Items listed in a dataset:
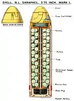 | Cordite cartridge | Mk I Shrapnel shell | No. 80 fuze | T friction tube |
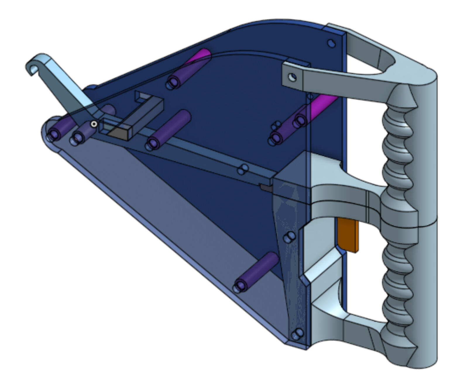 Unfortunately, after our initial test, the acrylic arm snapped, likely due to its poor impact strength at our speed. Additionally, the triangular models were quite bulky, thus I refined it into a much more rounded and ergonomic shape, while remaking the trigger out of a polyeurathane cutting board. The handles were also reprinted to fit the new side panels, and this time featured grips. I planned out how all the components would fit together, as well as the designs of the handles, arm, trigger, and side panels in Onshape. This allowed for easy collaboration and sharing of ideas and files.
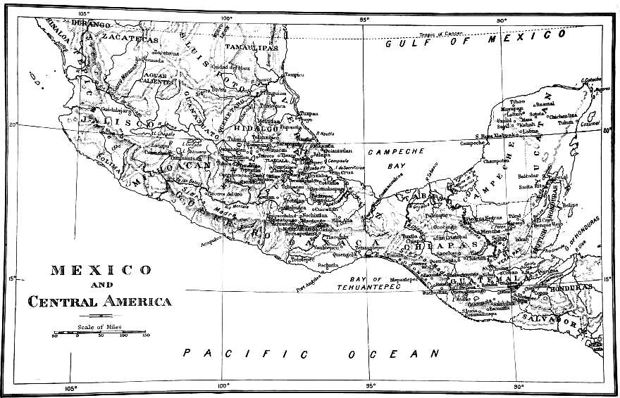 My original intention was to include in the present book a sketch of the archæology of Nicaragua, Costa Rica and Panama, but the material proved too great, and I have thought it better to deal thoroughly with the related cultures of the Mexicans and Maya rather than to give an incomplete or over-compressed picture of the archæology of a wider area. Even as it is I fear[iii] that certain chapters may have suffered from over-condensation, more especially that on the Mexican gods. However Mexican religion is in itself rather an intricate subject, and requires studying in considerable detail if a proper view of the life and culture of the people is to be obtained. Religion amongst the Mexicans was the mainspring of all private and public life, and few of the archæological remains cannot be brought into direct relation with it. Yet even Mexican religion is not as complicated as it appears at first sight; it is in reality the language, with its fondness for long compound names, which renders it so difficult a study to the amateur in the initial stages. I had also intended to add a bibliographical note, similar to that with which I concluded my volume on South America. But in view of the existence of an admirable bibliography in Dr. Walter Lehmann’s little monograph, “Methods and Results in Mexican Research,” I judged it unnecessary.
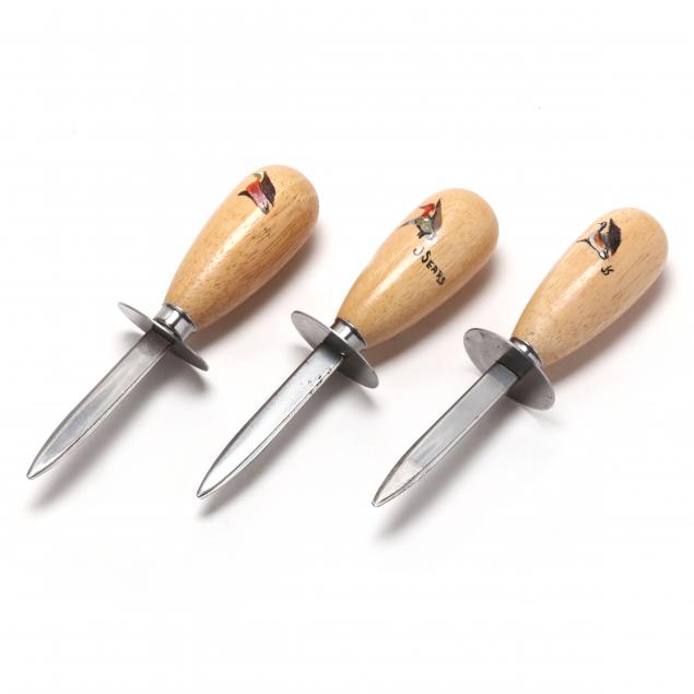Late 20th century, three birch handle oyster knives with hand painted waterfowl marked STAINLESS STEEL / TAIWAN, balsa wood block hand painted with two canvasback ducks.
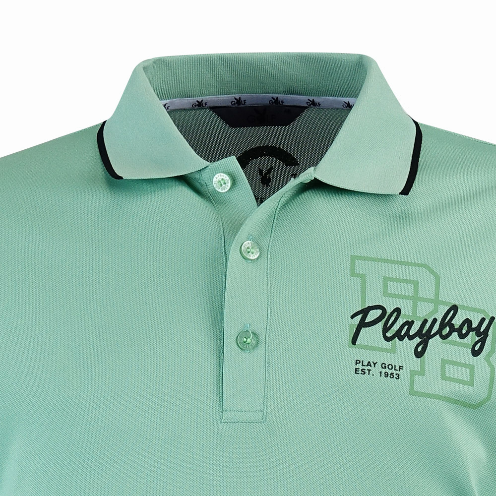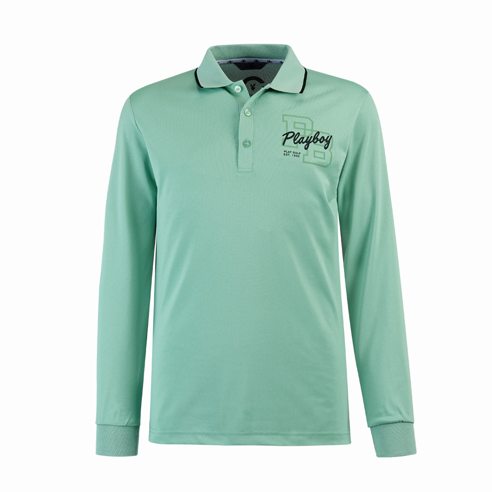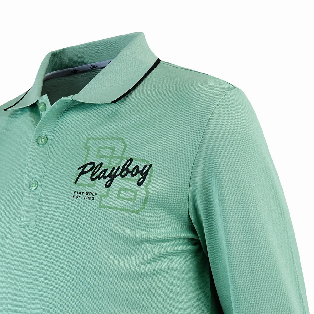 【PLAYBOY GOLF】男款吸濕排汗抗UV高爾夫薄長袖POLO衫-綠 / AA25290-43
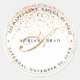 PixDezines Letra Maiúscula em Script de A-Z em dourado falso e confetes coloridos em folha falsa sobre fundo colorido de DIY.
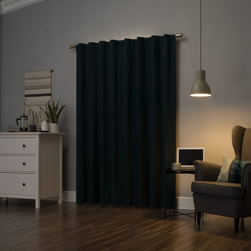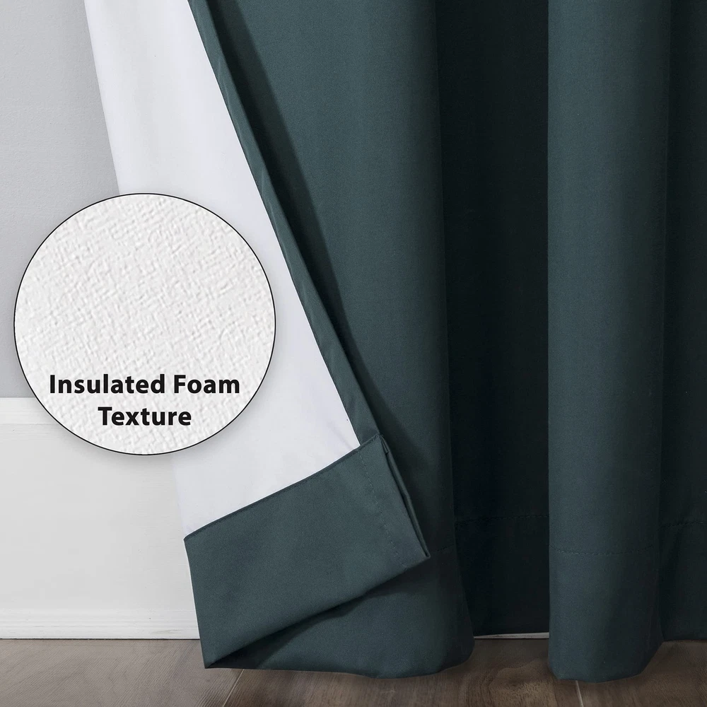 Total Blackout technology blocks out 100% of outside light while enhancing privacy Thermal insulation helps keep summer heat and winter chill out of your home Energy efficient design reduces energy lost through your windows by up to 35% Noise reduction up to 35% helps you get a sounder, more uninterrupted sleep Built-in metal grommets fit curtain rods up to 1.5" in diameter Pair includes (2) panels. Measure carefully prior to purchase.

EXERCISE OBJECTIVE: With the pictures left out, give again exactly the lines from the one that contains "GOLF】男款吸濕排汗抗UV高爾夫薄長袖POLO衫-綠 / AA25290-43" through the final line of the data above.

EXERCISE SOLUTION:
 【PLAYBOY GOLF】男款吸濕排汗抗UV高爾夫薄長袖POLO衫-綠 / AA25290-43
 PixDezines Letra Maiúscula em Script de A-Z em dourado falso e confetes coloridos em folha falsa sobre fundo colorido de DIY.
 Total Blackout technology blocks out 100% of outside light while enhancing privacy Thermal insulation helps keep summer heat and winter chill out of your home Energy efficient design reduces energy lost through your windows by up to 35% Noise reduction up to 35% helps you get a sounder, more uninterrupted sleep Built-in metal grommets fit curtain rods up to 1.5" in diameter Pair includes (2) panels. Measure carefully prior to purchase.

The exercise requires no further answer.